In the first such case known to Forum 18 News Service, an individual has been punished under Kazakhstan's harsh controls on religious activity simply for inviting friends to attend a registered religious meeting. Zarina Burova was fined for illegal "missionary activity" after inviting friends by text message. In another recent case, the presence of several guests at a religious meeting of a state-registered community was enough to cause four fines for illegal "missionary activity".
Among an upsurge of raids and fines during the summer months on members of religious communities, regardless of whether or not these are officially registered, those sharing their faith with strangers were also punished for "missionary activity".
Thirteen Jehovah's Witnesses, all members of locally registered communities, were fined for alleged "missionary activity without registration" between May and July, Jehovah's Witnesses told Forum 18 from Almaty on 26 August. They said they expect more fines since "prosecutions [of Jehovah's Witnesses] continue throughout Kazakhstan".
Fined nine months' minimum wage
Each of the 13 Jehovah's Witnesses was fined 100 Minimum Financial Indicators (MFIs) or 173,100 Tenge (6,850 Norwegian Kroner, 860 Euros or 1,130 US Dollars). This is the maximum fine under Code of Administrative Offences Article 375, Part 3 and represents just over nine months' official minimum monthly wage.
Some of the thirteen "were penalised for talking to people about God and the Bible, and sharing their personal religious beliefs", Jehovah's Witnesses complained to Forum 18. "Why do these believers need to be registered specifically as missionaries" to be able to share their views on religion with others, they asked. "It is our Constitutional right and also protected by Article 18 of International Covenant on Civil and Political Rights [ICCPR, signed by Kazakhstan]."
However, four of the thirteen punished Jehovah's Witnesses were fined for meeting together with other members of their registered community to read the Bible and pray. But as some non-members attended the meeting, the authorities qualified this as "illegal" missionary activity.

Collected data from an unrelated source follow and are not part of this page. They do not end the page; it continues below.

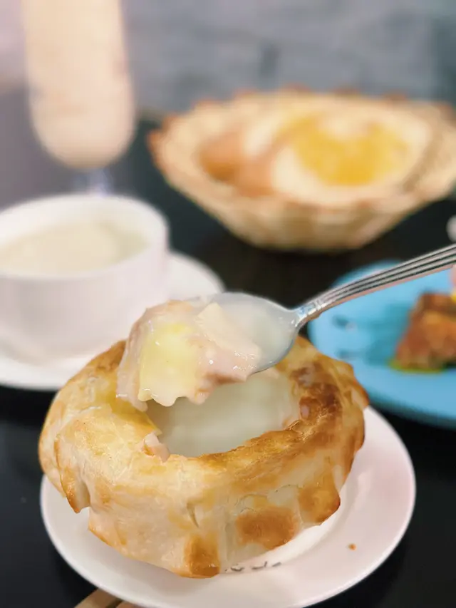 酥皮配忌廉湯真係絕配 仲食到有海鮮粒
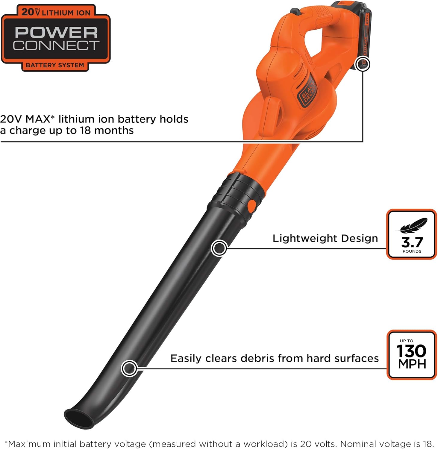 Black and decker lsw20 20 volt lithium ion cordless sweeper this is a lightweight leaf blower from black and decker that is really powerful.
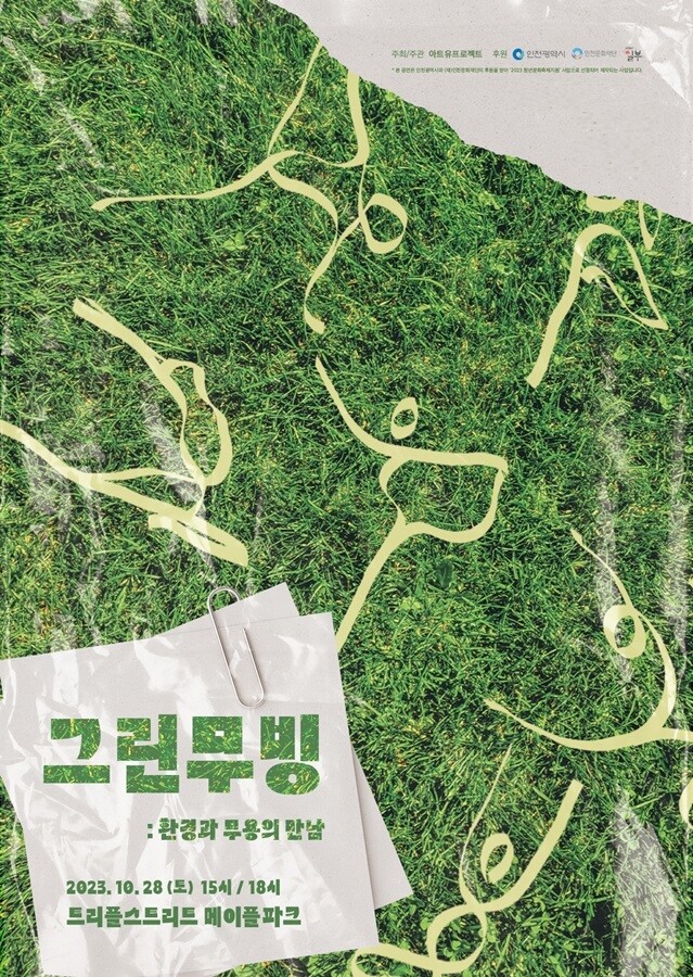 [시민일보 = 이창훈 기자] 무용단 아트유프로젝트가 ‘그린무빙: 환경과 무용의 만남’을 주제로 인천 송도 트리플스트리트 메이플파크에서 28일 오후 3시와 6시에 2차례로 공연한다.

Also targeted under Article 375, Part 3 are members of the Tabligh Jamaat group, a Muslim missionary movement banned throughout Kazakhstan by a court in the capital Astana in February.
Frequently targeted for conducting unapproved religious meetings or offering religious literature on the streets under Administrative Code Article 374-1 and other provisions of Article 375 are Council of Churches Baptists, who reject state demands that they register before conducting any religious activity, and other Protestant communities.

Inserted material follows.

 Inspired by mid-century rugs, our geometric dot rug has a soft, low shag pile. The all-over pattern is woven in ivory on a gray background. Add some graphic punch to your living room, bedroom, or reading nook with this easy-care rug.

On 29 August Jehovah's Witnesses filed nine separate complaints to the United Nations (UN) Human Rights Committee in Geneva on behalf of 15 individuals punished under Administrative Code Article 375, Part 3. "Three of the applications we filed are for raids on meetings, which officials claimed constituted 'missionary activity'," Jehovah's Witnesses told Forum 18. "The remaining six are for arrests for 'missionary activity' simply for peacefully speaking about religious beliefs with interested persons."
The applicants argue that the punishment for sharing their faith violated their rights to freedom of religion or belief, freedom of expression, peaceful assembly and association as set out in Articles 18, 19, 21 and 22 of the ICCPR.
These applications bring to 13 the number of separate applications Jehovah's Witnesses have filed with the UN Human Rights Committee, relating to 21 individuals in all. The first four applications were filed on 29 April.
"Further arrests have taken place and these cases will also be filed with the Human Rights Committee once the decisions enter into legal force," Jehovah's Witnesses told Forum 18.
Article 375, Part 3
"Missionary activity", whether by local citizens or foreigners, requires personal registration as a "missionary" under the harsh 2011 Religion Law and requires the individual to be appointed as such by a registered religious community.
Anyone carrying out "missionary activity" without registration, as well as use by missionaries of "religious literature, religious informational materials and religious items without approval of religious expertise", is subject to punishment under Article 375, Part 3 of the current Code of Administrative Offences. Punishments are a fine of up to 100 MFIs (currently 173,100 Tenge), while foreigners and stateless persons are also subject to deportation.
The same penalties would be applied under the new Article 481, Part 3 of the proposed new Code of Administrative Offences prepared by the Justice Ministry and due to reach parliament in autumn 2013. The latest draft text – dated 13 June – was made public on the Justice Ministry website on 3 July.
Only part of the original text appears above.